I made a promise a while back that I was going to share a beer based candy recipe with you, and I figure its about time to follow through. Jeth and I decided to give Guinness caramels a go during our candy making binge last month, since we think the molasses-y, coffee-y flavor of a good stout goes really well with things like brown sugar, cream, chocolate…you get the idea. I’m hoping it’s not just us who think Guinness and dessert are a perfect match – if we’re just crazy, I’m sorry to everyone who had to eat chocolate/Guinness/salted caramel cupcakes at our wedding (which, if you’re feeling jilted because I haven’t shared the recipe yet, don’t worry…it’s in the works).

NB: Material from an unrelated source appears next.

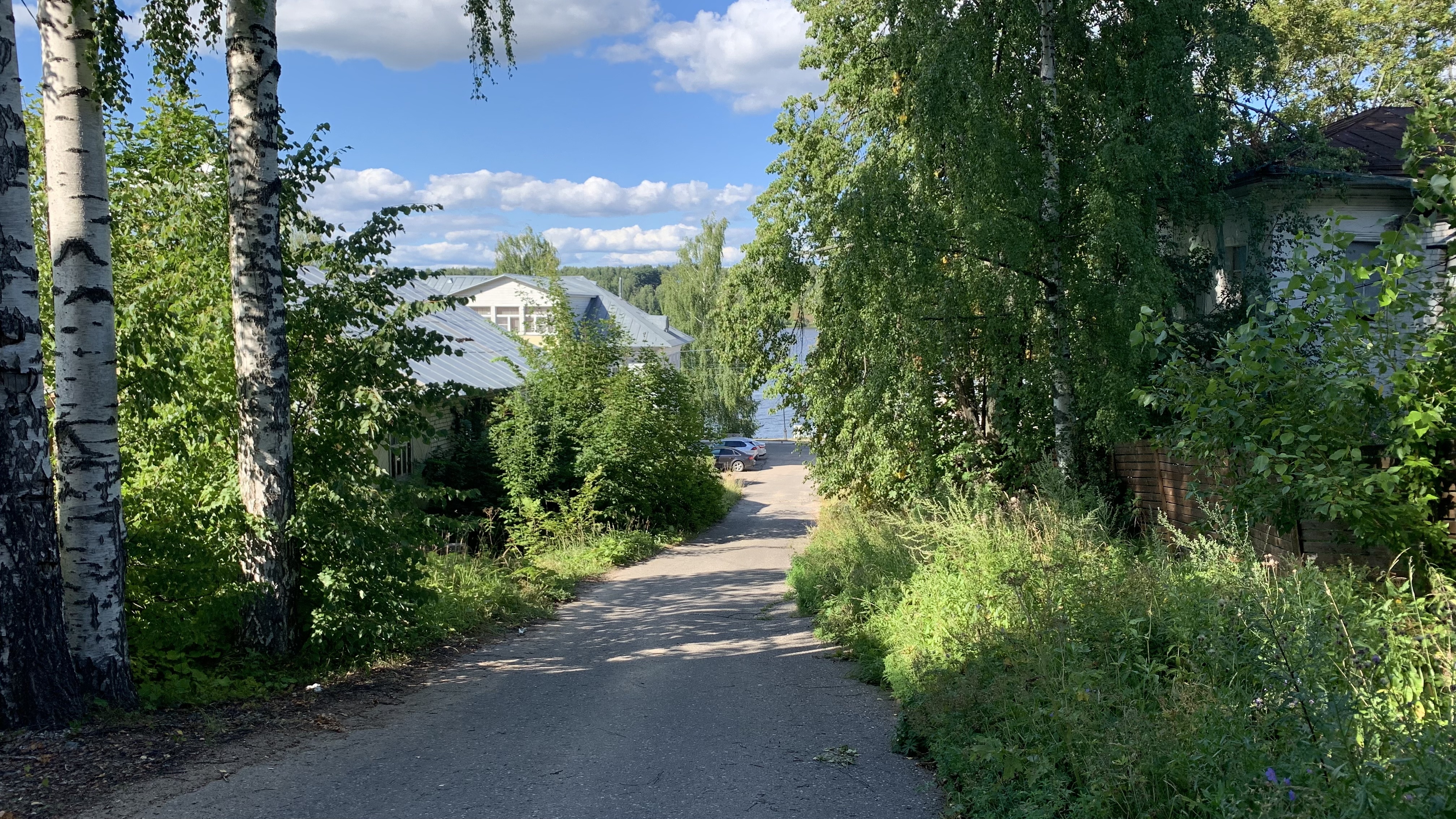 Борис Николаевич написал одну из улочек старого Плёса с купеческими особняками. Раньше она называлась Шемякинской, потому что на ней было много домов, принадлежавших плёсским жителям Шемякиным. После революции Шемякинская улица стала Советским переулком.

But back to caramels. These definitely aren’t a novel idea – just do a web search for beer caramels and you’ll see. But, this is my own original recipe, so it has to be shared. It’s about as basic as a beer caramel recipe gets – no crushed pretzels, condensed milk, or melted chocolate in sight. Just the goodness of heavy cream, sugar (some brown, because why not), and a little butter. And beer, of course. I will warn you, these are not caramels-with-a-hint-of-beer-to-accent-the-flavor. These are beer flavored caramels. If you want a little less of the yeasty, stout-y aftertaste, the recipe will work just fine with as little added beer as you want. I’ve tasted them with a little, and a lot, and I happen to think they’re delicious either way.

Guinness Caramels – makes about 64 1″ caramels

1 1/2 cups heavy cream
1 1/3 cups granulated sugar
1/2 cup light corn syrup
1/2 cup packed dark brown sugar
1 bottle (12 ounces) of flat Guinness stout*
6 tablespoons unsalted butter (3/4 stick), cut into pieces and at room temperature, plus more for coating the pan
1/2 t. kosher salt

Line an 8×8 pan with lightly buttered parchment paper. Place the cream in a medium-large saucepan and bring to a simmer. Add sugars, stout, and corn syrup and return to a low boil, stirring constantly, until the sugar is dissolved. Cook over medium heat until the mixture reaches 255 F. Remove the pan from the heat and stir in the butter and salt. Let the caramels sit overnight, or until firm. Cut the caramels into 1″ pieces and wrap them in squares of waxed paper. They will keep at room temperature or in the fridge for at least a week, but they’re best fresh.

*Note: to flatten the beer, either pour it into a bowl and let it sit for at least an hour, or whisk it quickly until it stops fizzing to speed up the process.